Photosynthetic electron transfer and membrane energization in spheroplasts and membrane vesicles of the thermophilic cyanobacterium Synechoccus 6716.

The higher the incubation temperature, the higher the light intensity that membrane vesicles of the thermophilic cyanobacterium Synechococcus 6716 require for the saturation of O2-production. If membrane vesicles are incubated at temperatures at which intact cells are growing optimally, photosynthetic O2-production and membrane energization decrease rapidly, suggesting that the thermophilic properties are rapidly lost. If membrane integrity is maintained (spheroplasts) the harmful effect of higher temperatures is much less. The effects of 2,5-dibromo-3-methyl-6-isopropyl-p-benzo-quinone (DBMIB), 5-chloro-3-t-butyl-2'-chloro-4'-nitrosalicylanilide (S-13), 3-(3,4-dichlorophenyl)-1,1-dimethylurea (DCMU) and N,N'-dicyclohexylcarbodiimide (DCCD) are the same as in chloroplasts, be it that DCCD acts as an electron transfer inhibitor at higher concentrations. The supposed alternative site of DCMU inhibition in cyanobacteria is rejected.Spheroplasts show a reversible energy-dependent fluorescence quenching of 9-amino-6-chloro-2-methoxyacridine (ACMA) caused by illumination. ATP hydrolysis only give rise to fluorescence quenching in membrane vesicles. Long incubation at higher temperatures reduces the fluorescence quenching of membrane vesicles and spheroplasts, the latter being more stable than the former.

Characterization of reconstituted ATPase complex proteoliposomes prepared from the thermophilic cyanobacterium Synechococcus 6716.
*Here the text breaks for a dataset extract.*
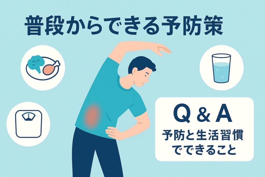 1 普段からできる予防策:正しい姿勢・定期的なストレッチ/筋トレ・体重管理・脂肪分控えめ・水分排尿ケア

The preparation and some properties are described of proteoliposomes consisting of the ATPase complex and lipids from the thermophilic cyanobacterium Synechococcus 6716. In the proteoliposomes (about 200 nm in diameter) only a low amount of protein can be incorporated (protein/lipid ratio of 0.01 w/w) and they show very few protein particles on freeze-fracture replicas. The octyl glucoside and cholate dialysis method of reconstitution yielded stable proteoliposomes with a relatively low proton permeability. ATP hydrolysis and 32Pi/ATP exchange activities were about 400 and 120 nmol X min-1 X mg protein-1, respectively; the former was strongly stimulated by an uncoupler. ATP hydrolysis induces membrane energization as monitored by membrane-potential- and surface-potential-indicating probes and by different pH indicators trapped inside the vesicles. The probes used were a membrane-bound fluorescent aminoacridine, which monitors surface charge-density changes, the native carotenoids and added oxonol VI for monitoring electrical potential in the membrane and the pH indicators neutral red and cresol red. The different rise kinetics of these probes indicate that proton accumulation upon ATP hydrolysis involves at least two steps: a membrane-localized potential charge and proton transfer followed by a much slower acidification of the bulk intravesicular space. Internal neutral red and cresol red seem to discriminate between proton translocation to the internal interface and bulk space, respectively.

Isolation, purification and characterization of the ATPase complex from the thermophilic cyanobacterium Synechococcus 6716.

The ATPase complex is isolated and purified from membrane vesicles of the thermophilic cyanobacterium Synechococcus 6716 by octyl glucoside and cholic acid by a modification of the procedure for its extraction from spinach chloroplasts. The complex is purified by differential centrifugation and ammonium sulfate precipitation and by gel filtration on Sepharose 6B. The purified fraction, without any phycocyanin contamination, shows ATP hydrolysis activity and Pi/ATP exchange activity of 1564 and 350 nmol X min-1 X mg protein-1, respectively. N,N'-Dicyclohexylcarbodiimide inhibits the ATP hydrolysis activity of this purified fraction. On polyacrylamide gels most typical F1 ATPase polypeptides are identified, but the low-molecular weight polypeptides visible cannot be ascribed to the F0 part of the complex with certainty; non-identified bands around 30 kDa are also present.